International career
- 1935–1948: Scotland / 15 / (6)
- 1936–1939: Scottish League XI / 6 / (3)
- 1944–1946: Scotland (wartime) / 3 / (2)

Managerial career
- 1955–1956: Cork Athletic

= Jimmy Delaney =

Scottish footballer and manager

James Delaney (3 September 1914 – 26 September 1989) was a Scottish footballer who played as an outside right. He had a 24-year playing career interrupted by World War II, his longest spells at club level were spent with Celtic in Scotland and Manchester United in England. He was capped 15 times for the Scotland national team, scoring six goals.

== Career ==
===Club===
====Celtic====
Delaney joined Celtic on provisional forms in 1933 from Stoneyburn Juniors, signing a permanent contract the following year. Delaney suffered the misfortune of a badly broken arm in a home game against Arbroath in April 1939. The injury sustained being further exacerbated by the opposition player Attilio Becchi (who was apparently a Celtic fan) accidentally stepping on Delaney's arm. Delaney's torn football shirt was sold at auction for £564 in 2002. He spent 13 years with the Glasgow club, making 327 appearances in all competitions including wartime tournaments.

====Manchester United====
Delaney was held in high regard as a player by Matt Busby who, when the war ended in 1946, signed him for Manchester United in a £4,000 deal. Delaney helped United win the 1948 FA Cup Final and finished his United career with 28 goals from 184 total appearances.

====Late career in Scotland and Ireland====
He moved back to Scotland at the age of 36, joining Aberdeen in November 1950 and made his Dons debut in a 5–1 defeat of Falkirk.

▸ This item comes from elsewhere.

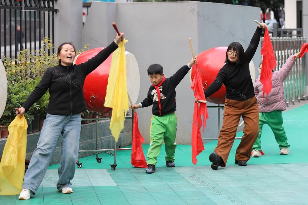 1月7日,在湘西土家族苗族砂子坳小学,同学们在老师的指导下练习苗鼓。彭彪 摄

A year later he joined the Bairns, where he spent three seasons. In January 1954, Derry City paid £1,500 to sign him, a record fee for the Irish Football League, remarkable in that he was by this stage 39 years old. Two years later he joined Cork Athletic as player-manager before eventually retiring after a season with Highland League Elgin City in 1957.

Delaney has the distinction of having won the Scottish Cup with Celtic in 1937, the English FA Cup with Manchester United in 1948, and the Irish Cup with Derry City in 1954. He also came close to a fourth different national trophy in the Republic of Ireland, earning a FAI Cup runners-up medal with Cork Athletic in 1956.

===International===
Delaney won 15 caps for Scotland and scored six goals. He also represented the Scottish League XI six times. On 15 November 2009, he was inducted into the Scottish Football Hall of Fame.

== Personal life ==

Son of Patrick Delaney and Bridget Nash from Crettyard, Queen's County (now County Laois) in Ireland, Jimmy was born in Cleland, North Lanarkshire. His son Pat Delaney was also a footballer whose longest spell was with Motherwell, and his grandson John Kennedy played as a defender for Celtic, Norwich City and Scotland.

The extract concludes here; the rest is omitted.